На толстом сучке дерева, почти касаясь ногами железнодорожной насыпи, висит человек. Это человек очень бедный: верёвка, которая удавила его, связана из двух кусков различной толщины, толстый мохнатый узел возвышается близко над его головою, точно огромный, мохнатый, серый паук. Человек вытянул руки по швам, как солдат, его пальцы запутались в лохмотьях широких брюк, толстая куртка, в пятнах извести, распахнулась на груди и как бы сползает с опущенных плеч, серая рубаха вздёрнута к подбородку, обнажая немного менее серую кожу живота, пояс брюк спущен низко, и солнце освещает рыжеватый клочок волос. Человек склонил голову на грудь и правое плечо, на синеватой его лысине отражено солнце, его левое ухо настороженно поднято к небу, выкатившийся правый глаз внимательно застыл, рассматривая грязный башмак на правой ноге; подошва башмака отстала, из щели торчит большой палец, точно не проглоченный кусок мяса из беззубой пасти какого-то очень старого животного.
Шорник и пожар
После многих дней жестокой засухи в селе, над Волгой, вспыхнул пожар. Огонь показался на окраине села, около кузницы; огонь точно с неба упал на соломенную крышу убогой избы солдатки Аксёновой, упал и начал хвастаться весёлой хитростью своей игры: украсил весь скат крыши золотыми лентами, вымахнул из чердачного окна огромную, рыжую бороду и, затейливо изгибаясь, рождая синий дым, мелкий дождь красных искр, взмыл над избой, стремясь в тусклое от зноя небо к солнцу, раскалённому добела. Первым увидал несчастье старичок шорник; я сидел с ним на брёвнах против церковной паперти, слушая премудрые рассказы деревенского ремесленника о его бродячей жизни, рассказы человека, которому ближние сильно пересолили душу очень горькой солью.

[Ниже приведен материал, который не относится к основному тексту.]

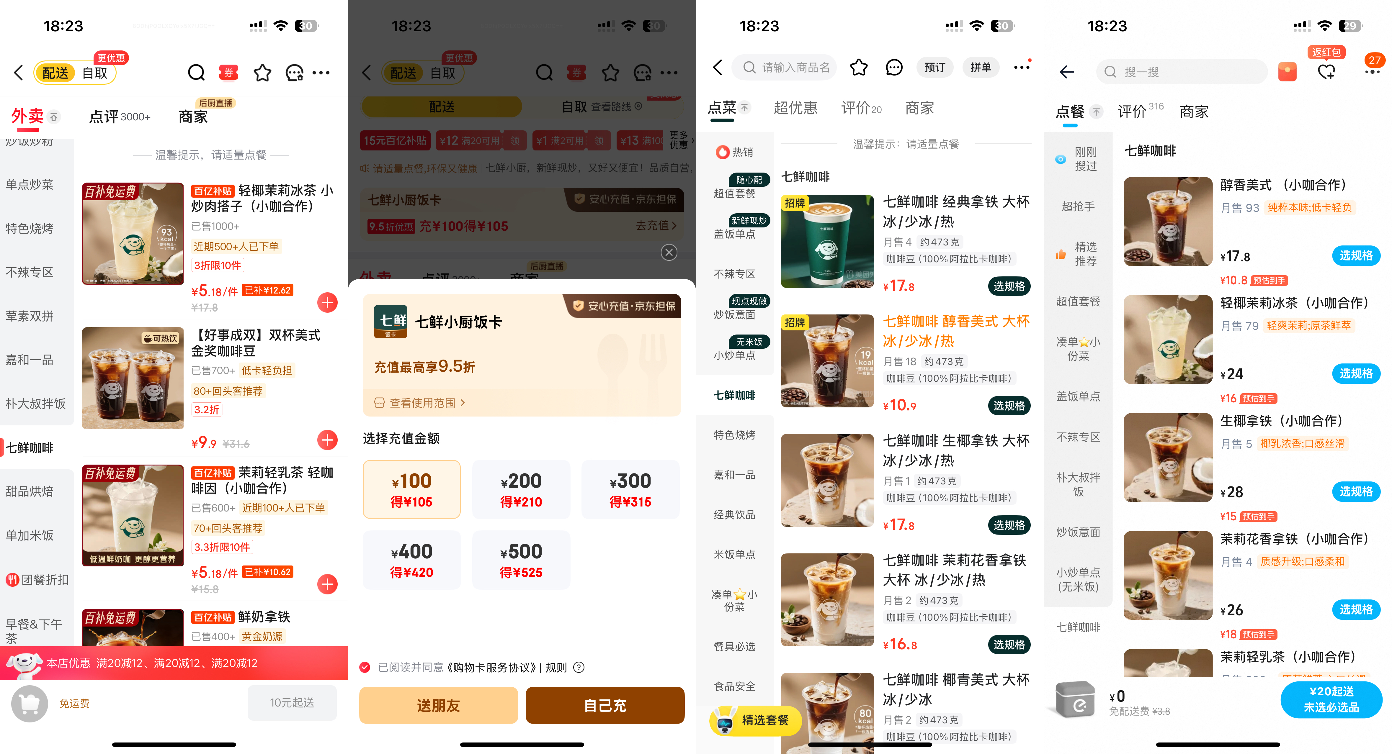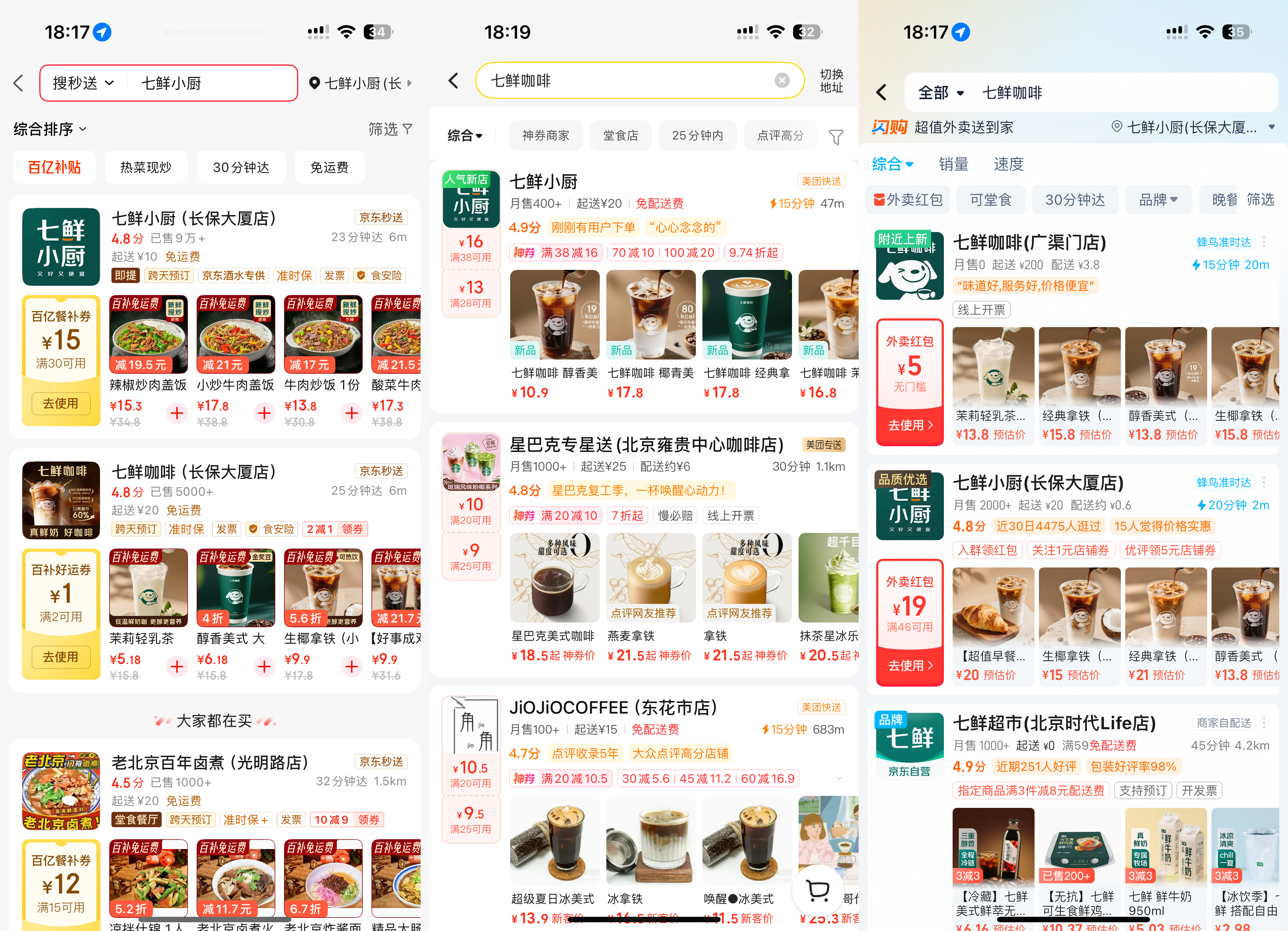 从左至右分别为:京东外卖、七鲜小厨饭卡、京东美团外卖、淘宝闪购

— Ух ты-и! — вскричал он, прервав свою речь. — Гляй, гляди-ко, — пожар занялся.
Есть какие-то секунды, когда на явление огня смотришь неподвижно и безмысленно, очарован изумительной живостью и бесподобной красотой его. Я предложил шорнику:
— Пойдём гасить, — но он, глядя на пожар из-под ладони, сказал:
— Не-ет, чужому на пожаре — опасно, а зримость и отсюдова хорошая.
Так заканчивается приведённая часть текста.